_Task to complete_
The answer must be an exact copy of the lines from the one with "RT @majko_k: 新幹線。反対方向に乗ってしまいました😭ぼーっと生きてんじゃねーよ..." through the final line below, with no pictures and nothing else.

[Start of section]

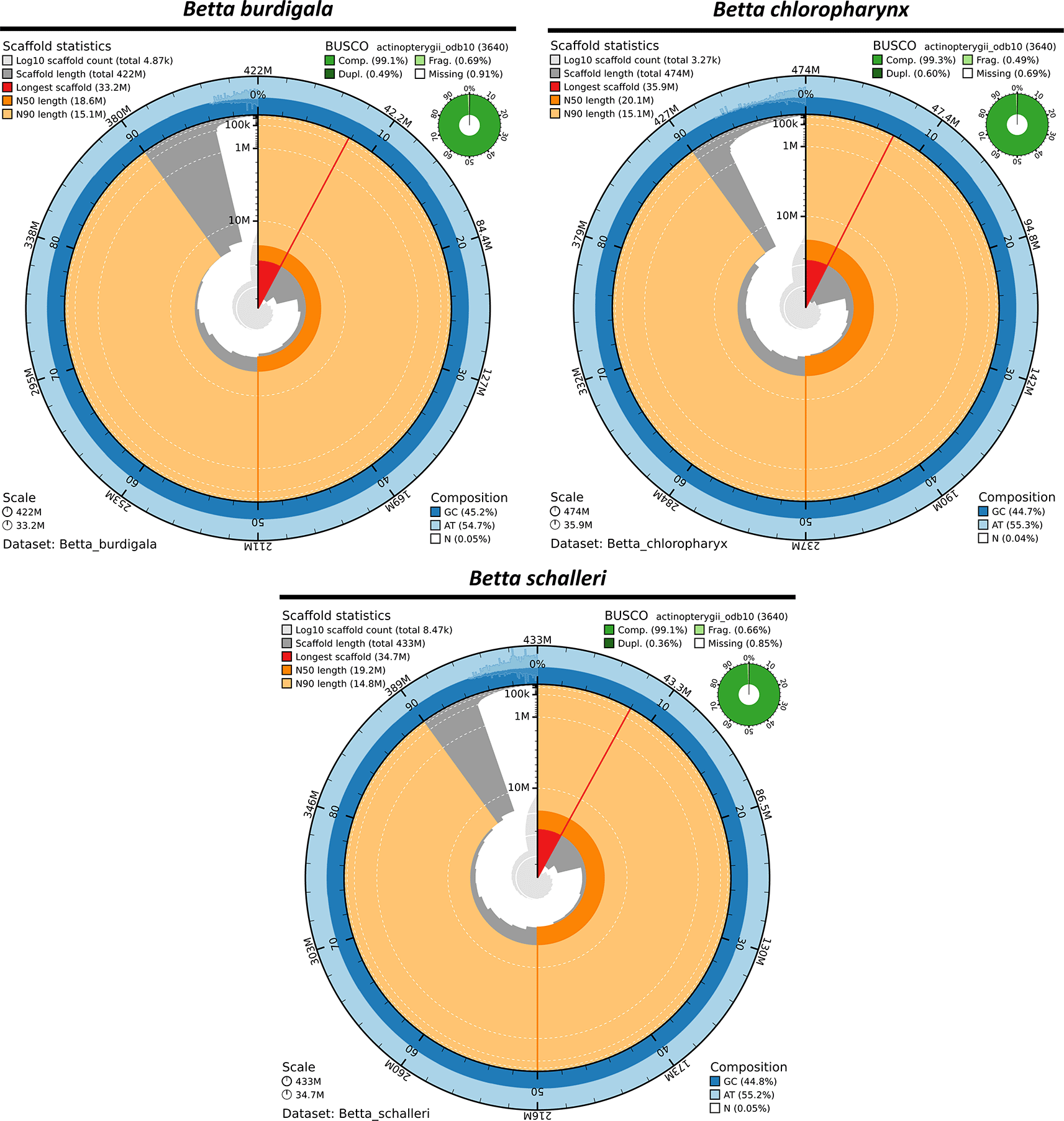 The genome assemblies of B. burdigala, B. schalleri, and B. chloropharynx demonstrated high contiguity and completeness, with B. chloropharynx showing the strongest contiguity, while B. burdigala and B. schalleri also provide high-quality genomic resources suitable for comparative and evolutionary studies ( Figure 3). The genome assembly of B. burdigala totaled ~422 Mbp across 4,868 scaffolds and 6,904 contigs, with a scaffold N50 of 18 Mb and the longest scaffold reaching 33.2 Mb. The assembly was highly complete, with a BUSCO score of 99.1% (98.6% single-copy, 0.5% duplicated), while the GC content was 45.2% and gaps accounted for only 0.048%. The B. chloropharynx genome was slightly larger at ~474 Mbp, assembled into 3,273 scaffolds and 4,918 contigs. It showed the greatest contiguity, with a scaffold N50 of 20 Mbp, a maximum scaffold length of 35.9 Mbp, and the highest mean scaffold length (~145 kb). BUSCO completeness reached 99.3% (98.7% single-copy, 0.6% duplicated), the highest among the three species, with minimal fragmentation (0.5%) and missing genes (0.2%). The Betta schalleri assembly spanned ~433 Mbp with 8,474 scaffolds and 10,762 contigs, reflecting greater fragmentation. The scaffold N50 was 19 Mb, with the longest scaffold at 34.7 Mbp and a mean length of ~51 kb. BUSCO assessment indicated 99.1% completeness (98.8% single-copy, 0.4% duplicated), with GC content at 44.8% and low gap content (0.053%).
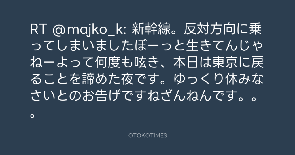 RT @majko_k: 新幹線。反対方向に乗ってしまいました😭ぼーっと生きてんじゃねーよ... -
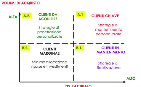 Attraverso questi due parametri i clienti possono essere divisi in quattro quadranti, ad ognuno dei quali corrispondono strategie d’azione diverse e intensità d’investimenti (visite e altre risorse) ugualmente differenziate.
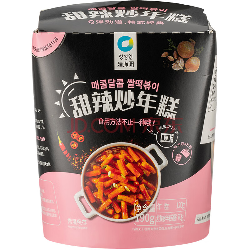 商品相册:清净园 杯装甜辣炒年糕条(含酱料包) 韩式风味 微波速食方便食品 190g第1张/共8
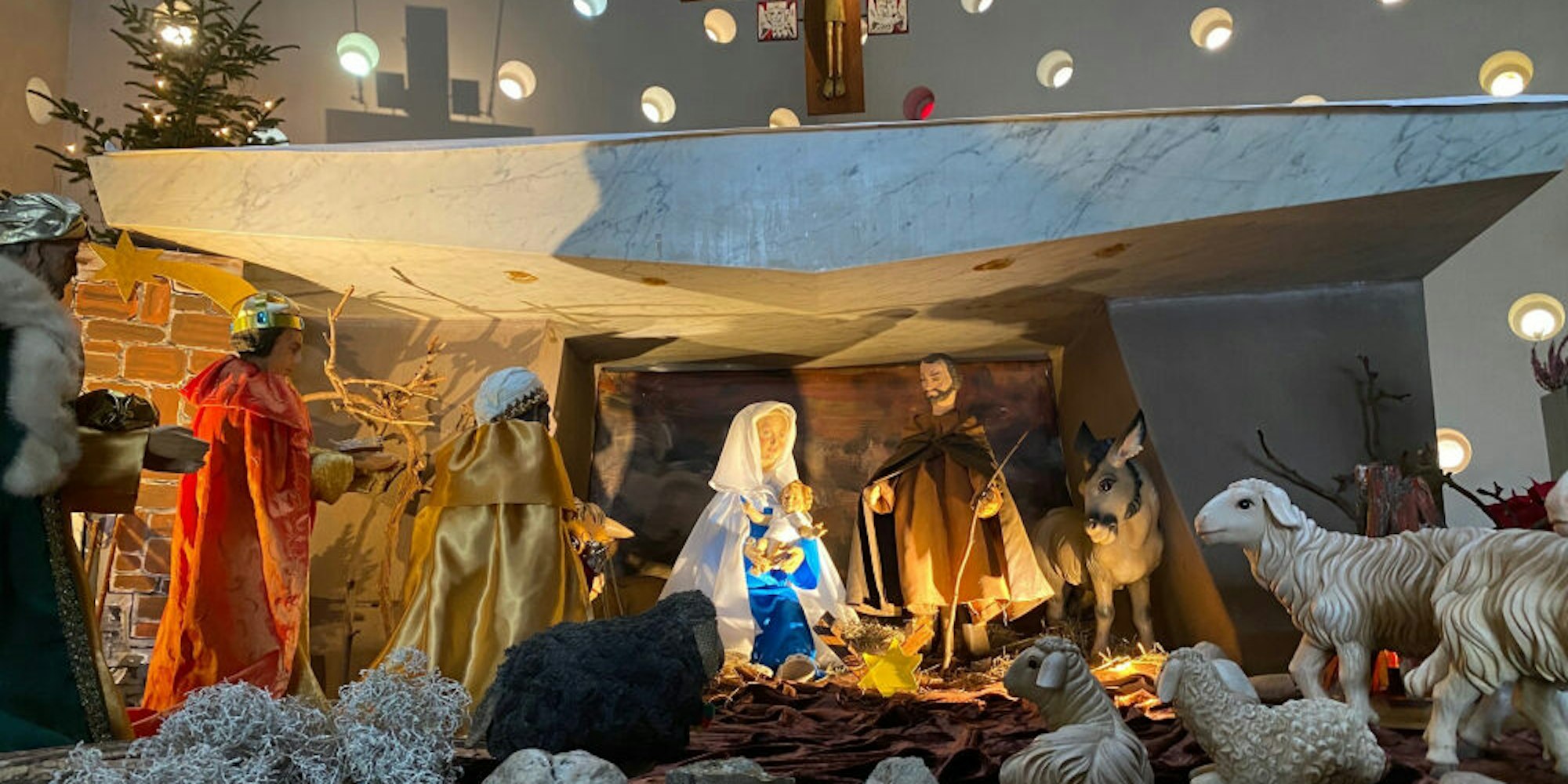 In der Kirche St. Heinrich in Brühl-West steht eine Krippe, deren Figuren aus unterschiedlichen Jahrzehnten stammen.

[End of section]

_Exercise solution_
 RT @majko_k: 新幹線。反対方向に乗ってしまいました😭ぼーっと生きてんじゃねーよ... -
 Attraverso questi due parametri i clienti possono essere divisi in quattro quadranti, ad ognuno dei quali corrispondono strategie d’azione diverse e intensità d’investimenti (visite e altre risorse) ugualmente differenziate.
 商品相册:清净园 杯装甜辣炒年糕条(含酱料包) 韩式风味 微波速食方便食品 190g第1张/共8
 In der Kirche St. Heinrich in Brühl-West steht eine Krippe, deren Figuren aus unterschiedlichen Jahrzehnten stammen.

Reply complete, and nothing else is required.